> What you are asked to do
In the listing that follows, the range to quote begins at the line that has "Les surpiqûres décoratives" and ends after the line that has "- ClipStudioのW"; quote it verbatim and add nothing.

> Data extract

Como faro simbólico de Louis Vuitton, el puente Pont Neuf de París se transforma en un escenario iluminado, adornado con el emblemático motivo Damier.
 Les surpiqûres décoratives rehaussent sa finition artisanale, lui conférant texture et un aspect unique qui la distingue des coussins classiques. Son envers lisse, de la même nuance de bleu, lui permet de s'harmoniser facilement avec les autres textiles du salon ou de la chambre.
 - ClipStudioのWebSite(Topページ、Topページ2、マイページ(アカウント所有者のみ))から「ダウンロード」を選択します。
==
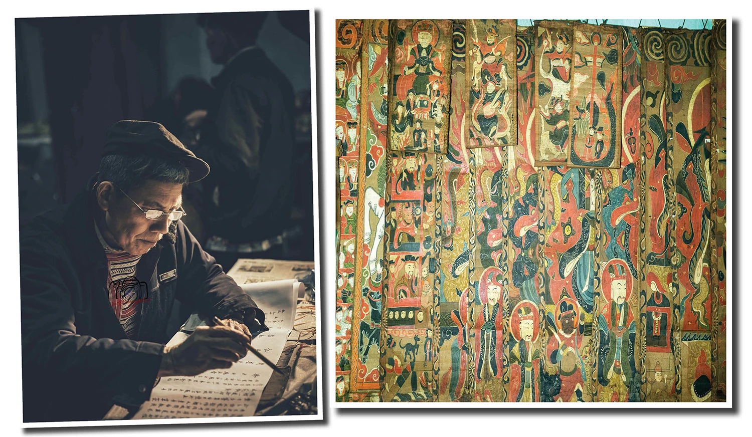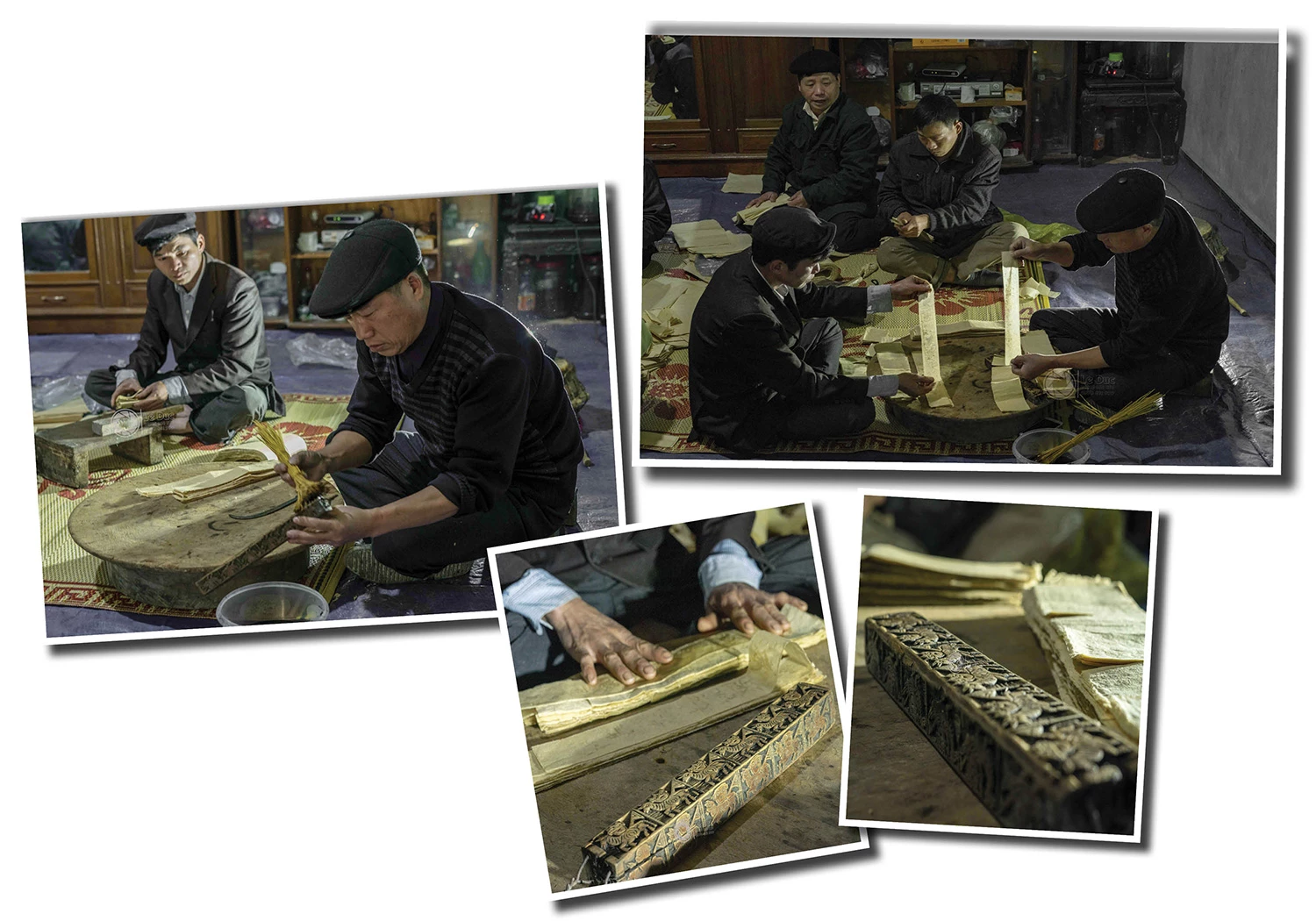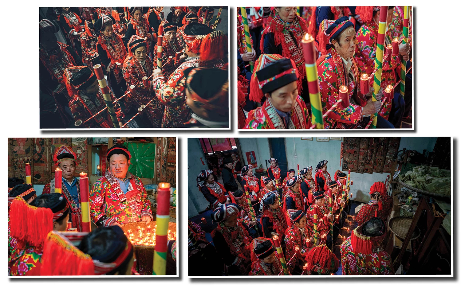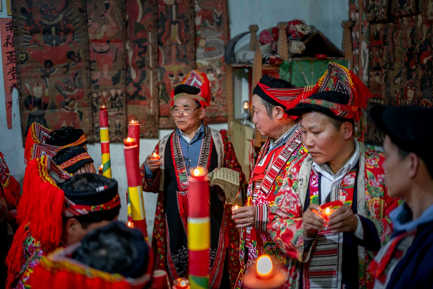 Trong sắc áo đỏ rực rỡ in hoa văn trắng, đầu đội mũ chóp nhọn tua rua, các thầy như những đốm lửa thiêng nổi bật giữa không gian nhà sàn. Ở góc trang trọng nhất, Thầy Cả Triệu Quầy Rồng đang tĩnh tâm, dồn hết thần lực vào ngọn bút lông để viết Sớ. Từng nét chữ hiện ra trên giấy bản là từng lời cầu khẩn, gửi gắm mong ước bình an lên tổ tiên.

> Solution to this problem
 Les surpiqûres décoratives rehaussent sa finition artisanale, lui conférant texture et un aspect unique qui la distingue des coussins classiques. Son envers lisse, de la même nuance de bleu, lui permet de s'harmoniser facilement avec les autres textiles du salon ou de la chambre.
 - ClipStudioのWebSite(Topページ、Topページ2、マイページ(アカウント所有者のみ))から「ダウンロード」を選択します。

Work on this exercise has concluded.